**What is needed:**
Leave the pictures aside. Retype exactly the lines from the top of the data below through the one holding "[뉴스서치] 국가유산청 국립문화유산연구원은".

━━━━━ Provided material ━━━━━

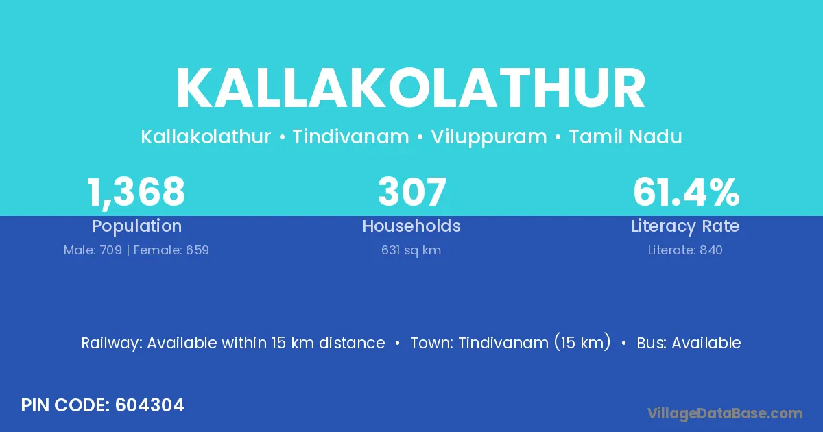 Kallakolathur village has a total population of 1,368 people, of which 709 are males and 659 are females.
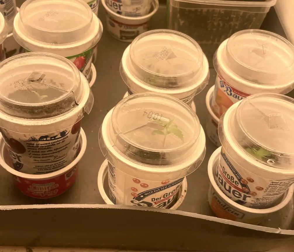 Ich plane die Keimung in feuchten Küchenpapier zu starten und die Dunkelheit durch eine darüber gestülpte Tasse zu verwirklichen..
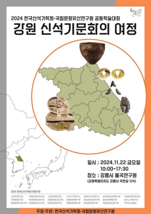 [뉴스서치] 국가유산청 국립문화유산연구원은 한국신석기학회와 함께 11월 22일 오전 10시 율곡연구원(강원 강릉시)에서 ‘강원 신석기문화의 여정’을 주제로 학술대회를 공동 개최한다.
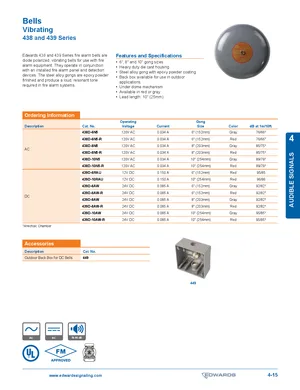 Datasheet for the Edwards EST 438 and 439 Series Vibrating Bells. 15 models including 438D-6N5, 438D-6N5-R, 438D-8N5 and 12 additional variants. Engineering specifications, wiring diagrams, and mounting dimensions.
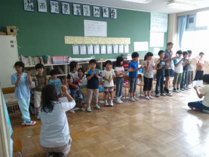 合唱団スイートママレードさんとの交流です。合唱団の方へお礼の歌と合奏を披露しました。いい交流会となりました。
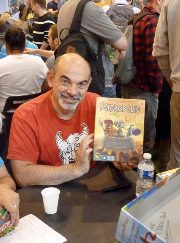 Le King des dominos est fier de sortir de son sac et de me présenter la boite illustrée par Camille Chaussy de son nouveau jeu Micropolis créé avec son compère Charles Chevallier et à paraître chez Matagot pour Cannes prochain.
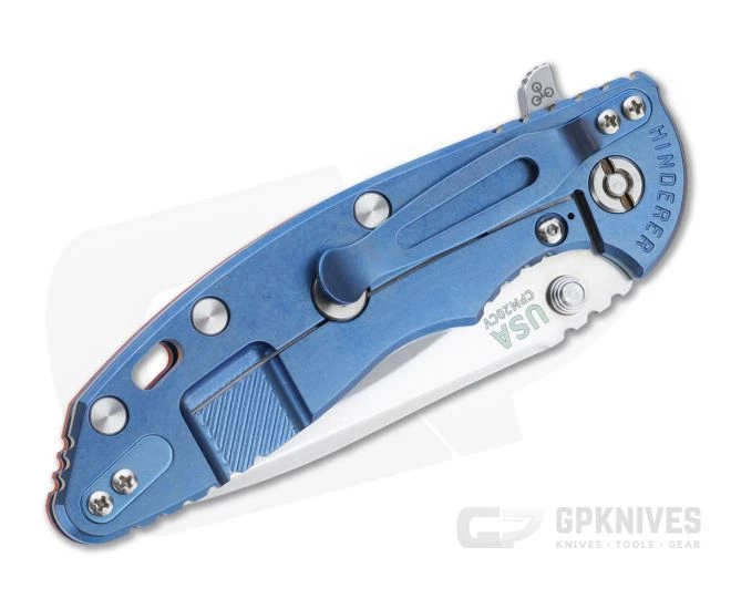 The Hinderer Knives XM-18 3.5” is a precision-crafted hard-use tactical folder you can carry every day. It features an integral flipper tab and dual thumb studs for fast, easy operation in a mid-sized platform designed to fit most hands comfortably while handling nearly any task. Easy, one-hand operation and a reliable lock system are the foundation of the XM series. This recurve variant comes with a stonewashed 20CV blade, blue anodized frame and orange G10 scale.
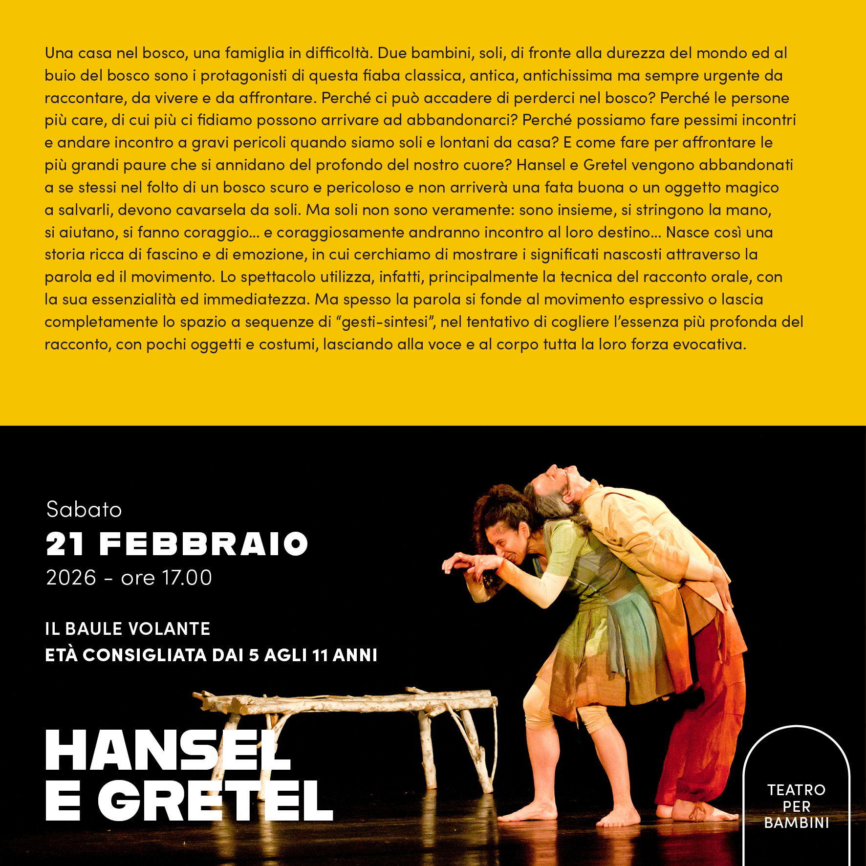 Sabato 21 Febbraio 2026 alle ore 17.00 si terrà a Palazzo Minerva lo spettacolo "Hansel e Gretel", dell'Associazione il Baule Volante.

━━━━━

**Task response:**
 Kallakolathur village has a total population of 1,368 people, of which 709 are males and 659 are females.
 Ich plane die Keimung in feuchten Küchenpapier zu starten und die Dunkelheit durch eine darüber gestülpte Tasse zu verwirklichen..
 [뉴스서치] 국가유산청 국립문화유산연구원은 한국신석기학회와 함께 11월 22일 오전 10시 율곡연구원(강원 강릉시)에서 ‘강원 신석기문화의 여정’을 주제로 학술대회를 공동 개최한다.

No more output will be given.